The lambda function gets the following JSON structure:
{
"invocationId": "cf1306b5-2d3c-4886-b7be-b5bcf0a66ef3",
"deliveryStreamArn": "arn:aws:firehose:...",
"region": "us-west-2",
"records": [{
"recordId": "49577998431243709525183749876652374166077260049460232194000000",
"approximateArrivalTimestamp": 1508197563377,
"data": "some_compressed_data_in_base_64_encoding"
}]
}
The lambda function then extracts .records[].data and decodes the data as base64 and decompresses the data which results in the following JSON:
{
"messageType": "DATA_MESSAGE",
"owner": "aws_account_number",
"logGroup": "some_cloudwatch_log_group_name",
"logStream": "i-0221b6ec01af47bfb",
"subscriptionFilters": [
"cloudwatch_log_subscription_filter_name"
],
"logEvents": [
{
"id": "33633929427703365813575134502195362621356131219229245440",
"timestamp": 1508197557000,
"message": "Oct 16 23:45:57 some_log_entry_1"
},
{
"id": "33633929427703365813575134502195362621356131219229245441",
"timestamp": 1508197557000,
"message": "Oct 16 23:45:57 some_log_entry_2"
},
{
"id": "33633929427703365813575134502195362621356131219229245442",
"timestamp": 1508197557000,
"message": "Oct 16 23:45:57 some_log_entry_3"
}
]
}
Individual item from .logEvents[] gets transformed into a json structure where the keys are the desired columns when searching logs within Kibana - something like this:
{
'journalctl_host': 'ip-172-11-11-111',
'process': 'haproxy',
'pid': 15507,
'client_ip': '172.11.11.111',
'client_port': 3924,
'frontend_name': 'http-web',
'backend_name': 'server',
'server_name': 'server-3',
'time_duration': 10,
'status_code': 200,
'bytes_read': 79,
'#timestamp': '1900-10-16T23:46:01.0Z',
'tags': ['haproxy'],
'message': 'HEAD / HTTP/1.1'
}
The transformed json gets collected into an array which gets zlib compressed and base64 encoded string which is then transformed into a new json payload as the final lambda result:
{
"records": [
{
"recordId": "49577998431243709525183749876652374166077260049460232194000000",
"result": "Ok",
"data": "base64_encoded_zlib_compressed_array_of_transformed_logs"
}
]}
Cloudwatch configuration
13 log entries (~4kb) can get transformed to about 635kb.

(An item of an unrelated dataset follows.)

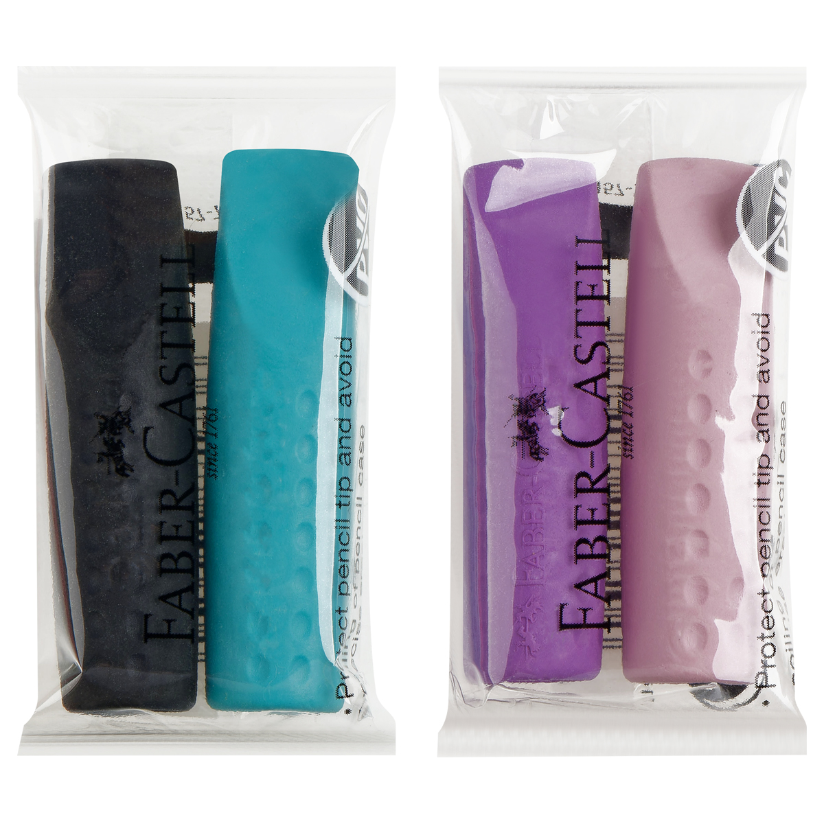 Набор ластиков-колпачков Faber-Castell "Grip 2001" 2шт., трехгранные, бирюза-сирень, ассорти, пакет
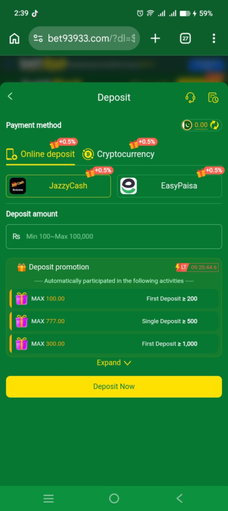 - Navigate to the wallet or deposit section.

I have also decreased the thresholds for the awslogs, hoping that the size of the logs that are being sent to Lambda function is going to small:
buffer_duration = 10
batch_count = 10
batch_size = 500
Unfortunately, when there is a burst - the spike can be upwards of 2800 lines where the size is upwards of 1MB.
When the resulting payload from the lambda function is "too big" (~13mb of transformed logs), an error is logged in the lambda cloudwatch logs - "body size is too long". There doesn't seem to be any indication where this error is coming from or whether there is a size limit on the lambda fn's response payload.

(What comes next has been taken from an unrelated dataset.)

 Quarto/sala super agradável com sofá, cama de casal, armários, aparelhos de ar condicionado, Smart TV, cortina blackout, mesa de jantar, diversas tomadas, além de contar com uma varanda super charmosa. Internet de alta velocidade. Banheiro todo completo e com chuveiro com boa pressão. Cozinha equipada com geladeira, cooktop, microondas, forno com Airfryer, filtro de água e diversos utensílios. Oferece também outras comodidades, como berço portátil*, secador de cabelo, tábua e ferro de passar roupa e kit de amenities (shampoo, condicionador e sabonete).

So, the AWS support folks have told me that the following limitations can't be mitigated to solve this flow:
lambda payload size
compressed firehose payload incoming into lambda which is directly proportional to the lambda output.

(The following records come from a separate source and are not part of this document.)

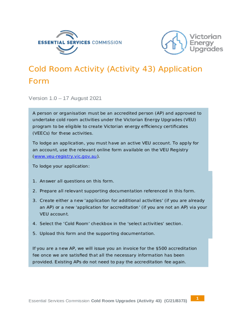 How should you fill out the Cold Room Activity (Activity 43) Application template
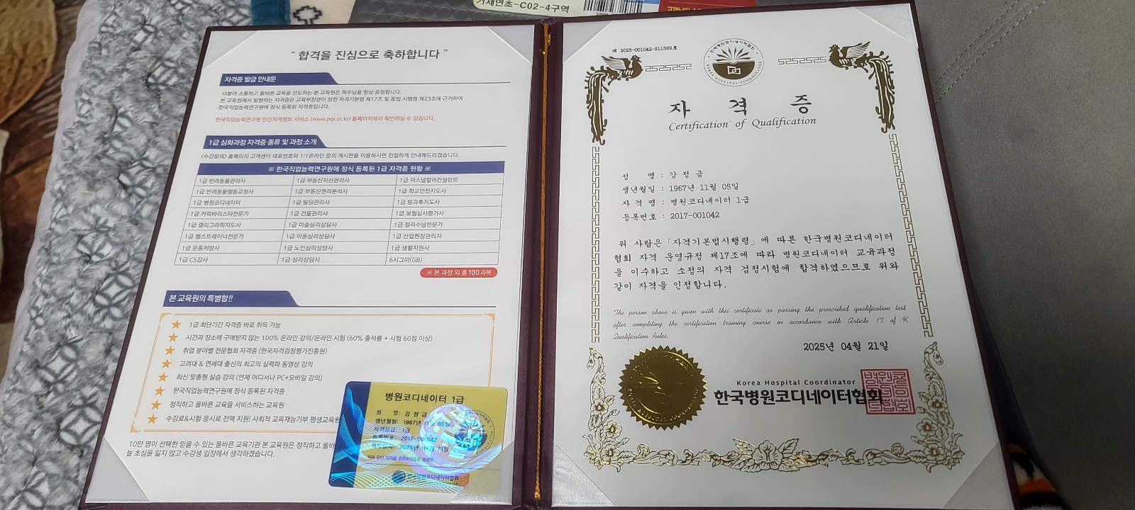 중장년으로 접어들어 새로운곳에의 도전이 필요하고 새직업의 필요성이 절실하여 본교육원에서 좋은 기회를 주어 자겨증을 취득하게 되어 넘 감사하게 생각합니다. 좋은 기회를 찾아 더 도전토록 하겠습니다.
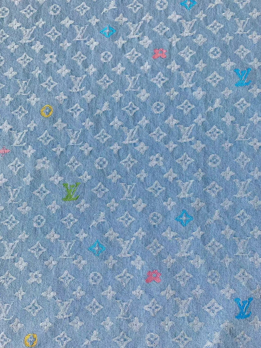 Fashion Colorful LV EmBroider Wash Denim Woven Jacquard fabric ,Jean Fabric For Handmade Goods
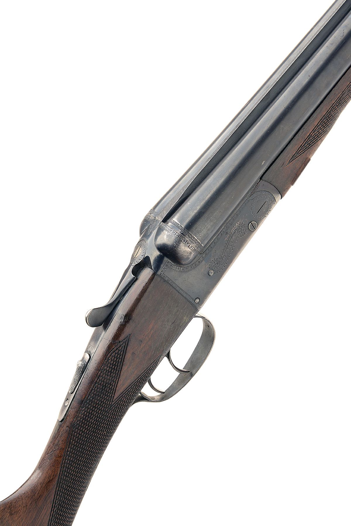 GUNMARK 12-BORE 'SABEL EJECTOR' BOXLOCK EJECTOR, serial no. 91195, 27in. nitro barrels, 2 3/4in. chambers, bored approx. true cyl. and 1/4 choke, removable striker discs, automatic safety, beaded border engraving, blacked finish, 14 1/4in. stock
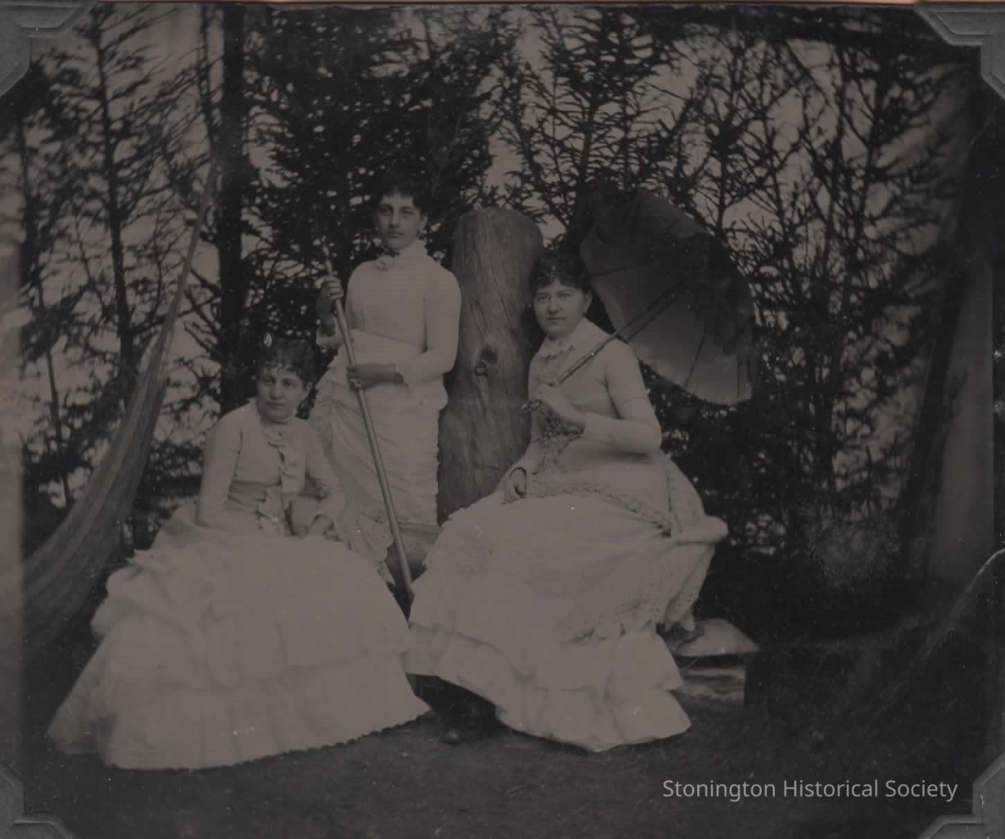 Tintype, "Fanny (Pollard) Griffin, Annie (Cutler) Atwood, Jennie Merritt." Late 1800s.

Instead, I have modified the architecture to the following:
Cloudwatch logs are backed up in S3 via Firehose.
S3 events are processed by the lambda function.
The lambda function returns a success code if the lambda transforms and is able to successfully bulk index the logs into ES.
If the lambda function fails, a Dead Letter Queue (AWS SQS) is configured with a cloudwatch alarm. A sample cloudformation snippet can be found here.
If there are SQS messages, one could manually invoke the lambda function with those messages or set up a AWS batch job to process the SQS messages with the lambda function. However, one should be careful, that the lambda function doesn't failover again into the DLQ. Check the lambda cloudwatch logs to check why that message was not processed and sent over to the DLQ.